Судя по их молчанию, они обо всем знали. Разве могло быть по-другому? Я давным-давно заработала дерьмовую репутацию и не могла избавиться от нее, несмотря на все усилия. Не моя вина, что люди повторяют обрывки, которые им хочется слышать, вместо того чтобы узнать всю историю целиком.

С ней сложно работать, – говорил Пол любому, кому было дело до парного катания.

Возможно, все сложилось бы иначе, объясняй я каждый свой поступок, но я этого не делала. И не сожалела. Мне было все равно, что думают другие.

Во всяком случае, до тех пор, пока это не стало оборачиваться против меня.

Но теперь было слишком поздно. Мне не оставалось ничего другого, кроме как признаться в этом. И я призналась.

Я толкнула одного ублюдка – конькобежца, который схватил меня за задницу, – и стала злодейкой.

Я обозвала мамашу одной из своих напарниц по катку шлюхой после ее замечания о том, что моя мама наверняка мастер минета, раз уж ее муж на двадцать лет моложе нее, но это я оказалась невоспитанной кретинкой.

Со мной было сложно, потому что мне до всего было дело. Но как, черт побери, я могла забить на все, если каждое утро просыпалась в возбуждении от того, что занимаюсь этим видом спорта?

Мелочи накапливались, накапливались и накапливались до тех пор, пока мой сарказм не стал восприниматься как грубость – как и все, что слетало с моих губ. Мама всегда предупреждала, что некоторые люди охотно верят в самое плохое. Это было прискорбной и досадной правдой.

Но я знала, кто я и что я делаю. Я не могла заставить себя сожалеть об этом. Во всяком случае, в большинстве случаев. Возможно, моя жизнь была бы намного проще, имей я доброту своей сестры или характер мамы, но я не была такой и никогда не стану.

Тебя определяют твои поступки, и либо ты проживаешь жизнь, прогибаясь, чтобы сделать других счастливыми, либо… нет.

А я была чертовски уверена, что у меня есть дела поважнее.

Мне просто хотелось убедиться, то ли это, о чем я думаю, иду ли я на это с открытыми глазами. Я никогда больше не стану закрывать глаза и надеяться на лучшее. Тем более когда в этом участвует человек, который в ту пору, когда я была одиночницей, после каждого соревнования записывал все мои ошибки, допущенные во время исполнения короткой и произвольной программ, – и старался, чтобы я, блин, точно узнала, почему проиграла. Так поступают только херовы мудаки.

– Ты настолько отчаялся? – напрямую спросила я Ивана, встретив взгляд серо-голубых глаз, которые он не отводил от меня. Я выразилась жестоко, но мне было все равно. Я хотела знать правду. – Больше никто не хочет кататься с тобой в паре?

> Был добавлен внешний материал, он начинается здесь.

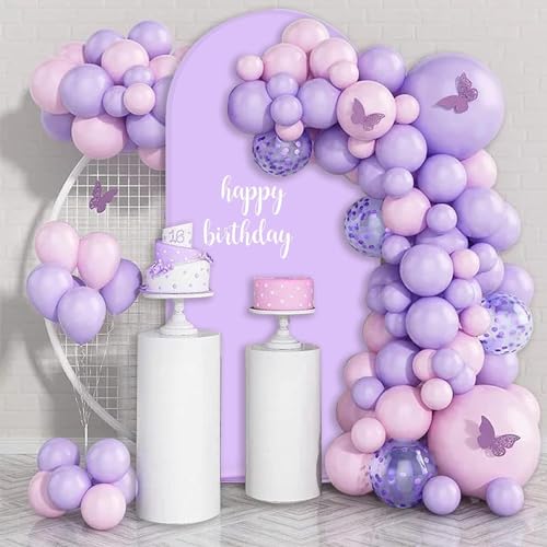 AIBIIN 2.6x6ft solido colore viola forma arco Backdrop Round Top Arco Telaio copertura 2-Sided Fit Backdrop Stand per la cerimonia di nozze festa di compleanno Baby Shower Banquet decorazione
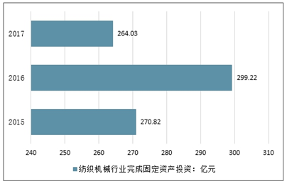 2016年,纺机行业固定资产投资额为299.22亿元,同比增长10.47%,比上 年提升10.43个百分点;2017年,纺织机械行业累计完成固定资产投资264.03亿 元,同比下降11.76%。在大行业整体下滑,行业分化的大背景下,预计2019年纺织机械行业固定资产投资也会有较大幅度的下降。
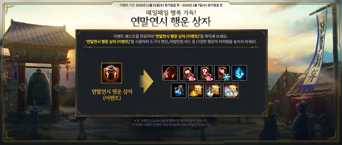 - 2026년 1월 7일 정기점검 이후, 이벤트 아이템 ‘연말연시 행운 상자 (이벤트)’는 삭제됩니다.
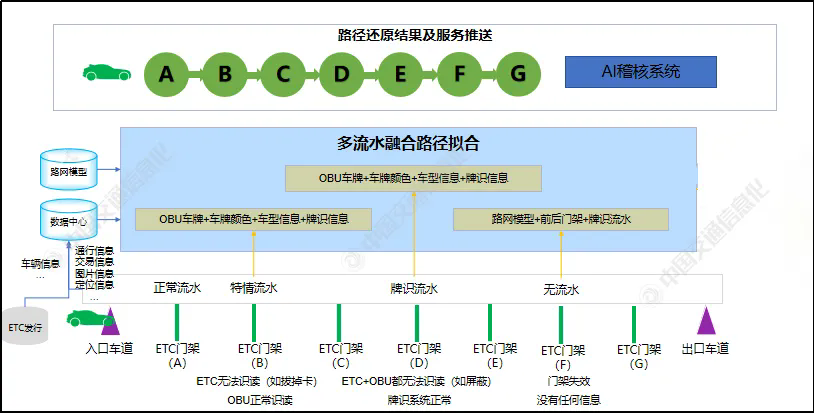 本文針對ETC識讀率低、牌識流水與抓拍率低、假冒減免車輛、套牌、路徑作弊等收費問題,搭建了AI稽核系統(tǒng)平臺,實現(xiàn)了多源異構(gòu)數(shù)據(jù)的采集、存儲、處理與分析。在深度融合ETC門架、收費站等流水和圖像信息的基礎(chǔ)上,提出了多流水融合路徑擬合方法真實還原了通行過程車輛信息,為偷逃漏通行費稽核提供了完整證據(jù)鏈。同時,深度分析了所轄區(qū)域2020年5月至2021年12月間數(shù)據(jù),結(jié)果表明,AI稽核系統(tǒng)模型準(zhǔn)確率較高,可有效防范和遏制偷逃漏通行費行為,提升稽核追繳成功率。
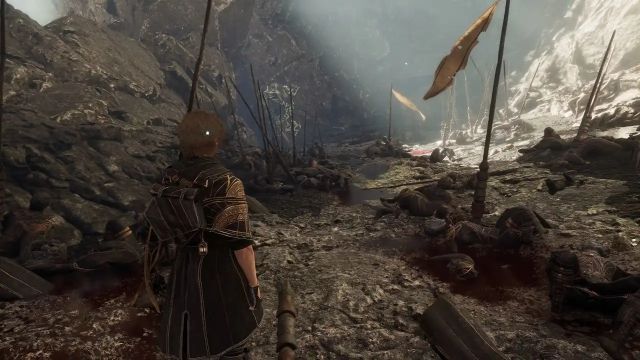 最后就是本作的音乐,在进入游戏的第一个地图,悲怆的人声吟唱悠扬的传进玩家的耳朵,结合一代代远征队的不断向前,我走在前辈为我铺好的道路上,一股使命感油然而生。
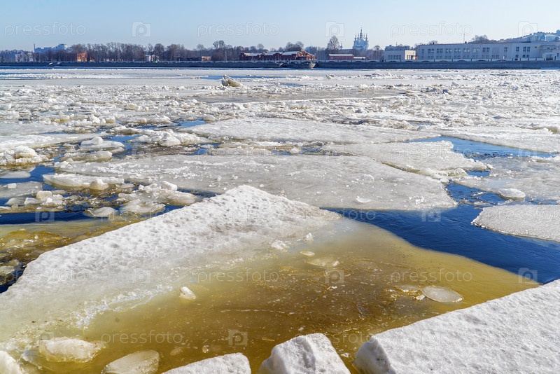 Весенний ледоход на Неве. Смольная набережная
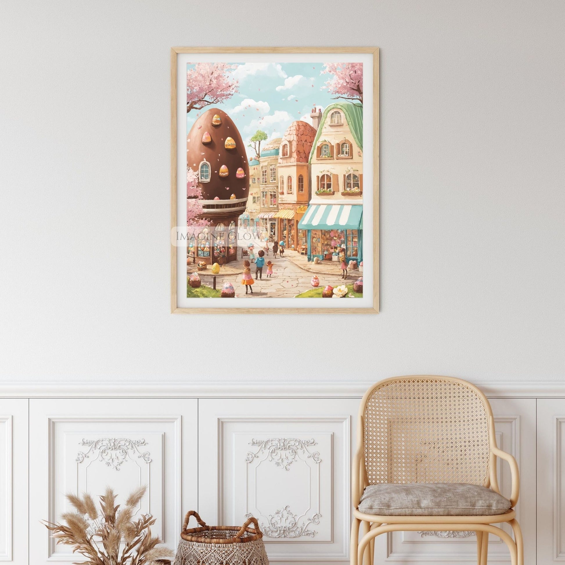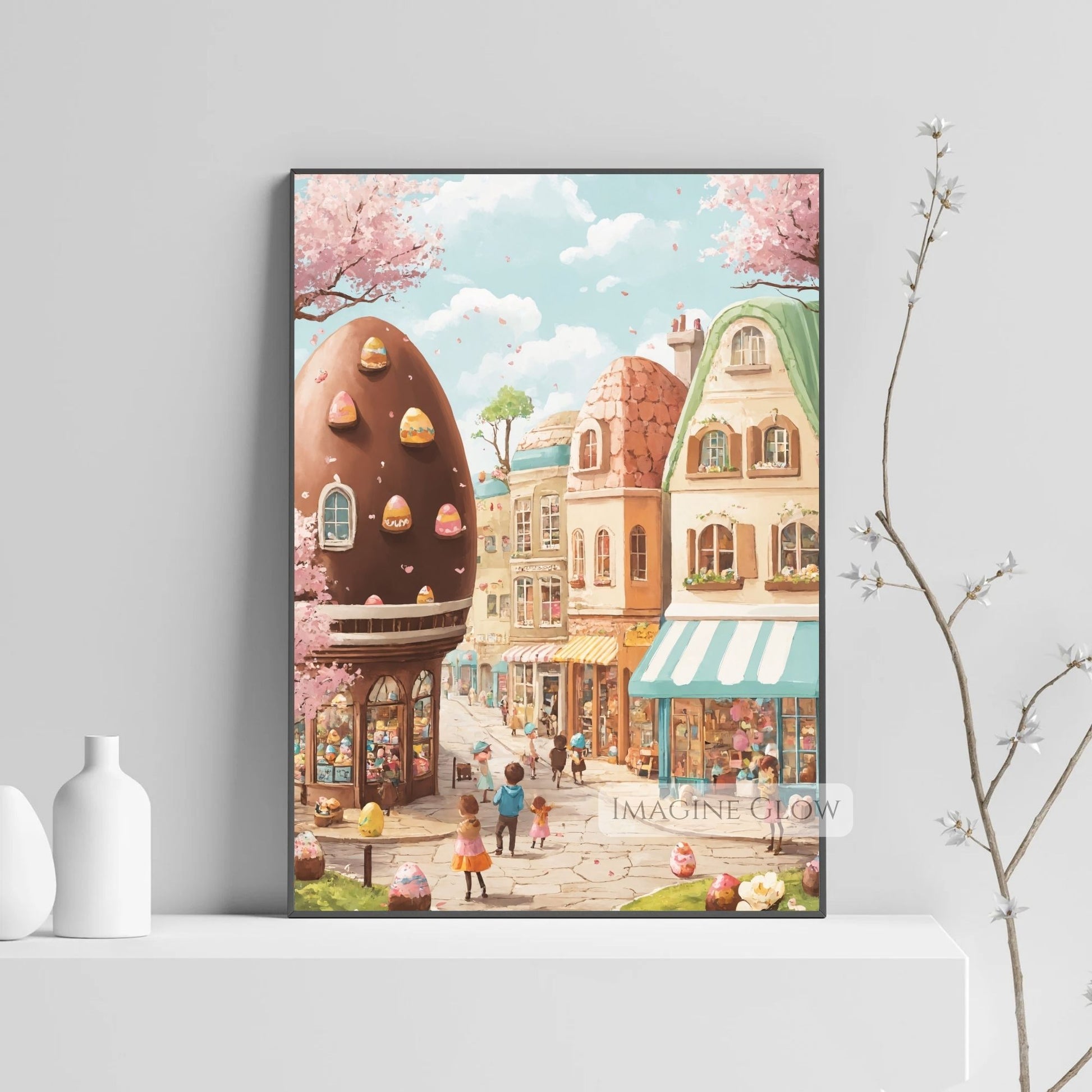 Easter Village Street Art Print – Chocolate Eggs & Blooming Cherry Blossoms Wall Art

Он все еще не отвел своих ледяных глаз. Его длинное мускулистое тело не дрогнуло. Он даже не скорчил рожу, как делал обычно, когда я открывала рот и обращалась к нему.

Абсолютно уверенный в себе, в своем таланте, в своем месте в этом мире, в том, что за ним сила, Иван просто встретил мой взгляд, оценивая в ответ. А потом открыл рот и снова показал истинного себя.

– Ну ты-то должна знать, каково это?

Вот же с…

– Ваня, – чуть ли не выкрикнула тренер Ли, качая головой, как мать, ругающая ребенка, который не умеет держать язык за зубами. – Прости, Джесмин…

При нормальных обстоятельствах я бы проговорила одними губами: Я надеру твою долбаную задницу, но сейчас я сдержалась. Еле-еле. Вместо этого я, пристально посмотрев в это ясное лицо с идеальными чертами… представила, что обвиваю его шею руками и сжимаю изо всех сил. Я даже никому не смогла бы сказать о том, какой выдержки мне это стоило, потому что мне никто бы не поверил.

Возможно, я повзрослела.

Потом я во второй раз надолго уставилась на него, думая, что при первой же возможности плюну ему в рожу, и решила, что со взрослением я преувеличила. К счастью, я осмелилась сказать только:

– Я и правда знаю, каково это, козлина.

Тренер Ли проворчала себе под нос что-то неразборчивое, но, не услышав от нее просьбы не разговаривать так с Иваном, я продолжила:

– На самом деле, Сатана, – у него затрепетали ноздри, что не укрылось от моего взгляда, – я просто хочу знать: ты обращаешься ко мне потому, что никто другой не желает связываться с тобой – а это полная бессмыслица, поэтому не держи меня за дуру, – или есть какие-то другие скрытые мотивы, которых я не понимаю? – Словно это подлейшая первоапрельская шутка с его стороны. У меня наконец-то появится шанс убить его, если это окажется так.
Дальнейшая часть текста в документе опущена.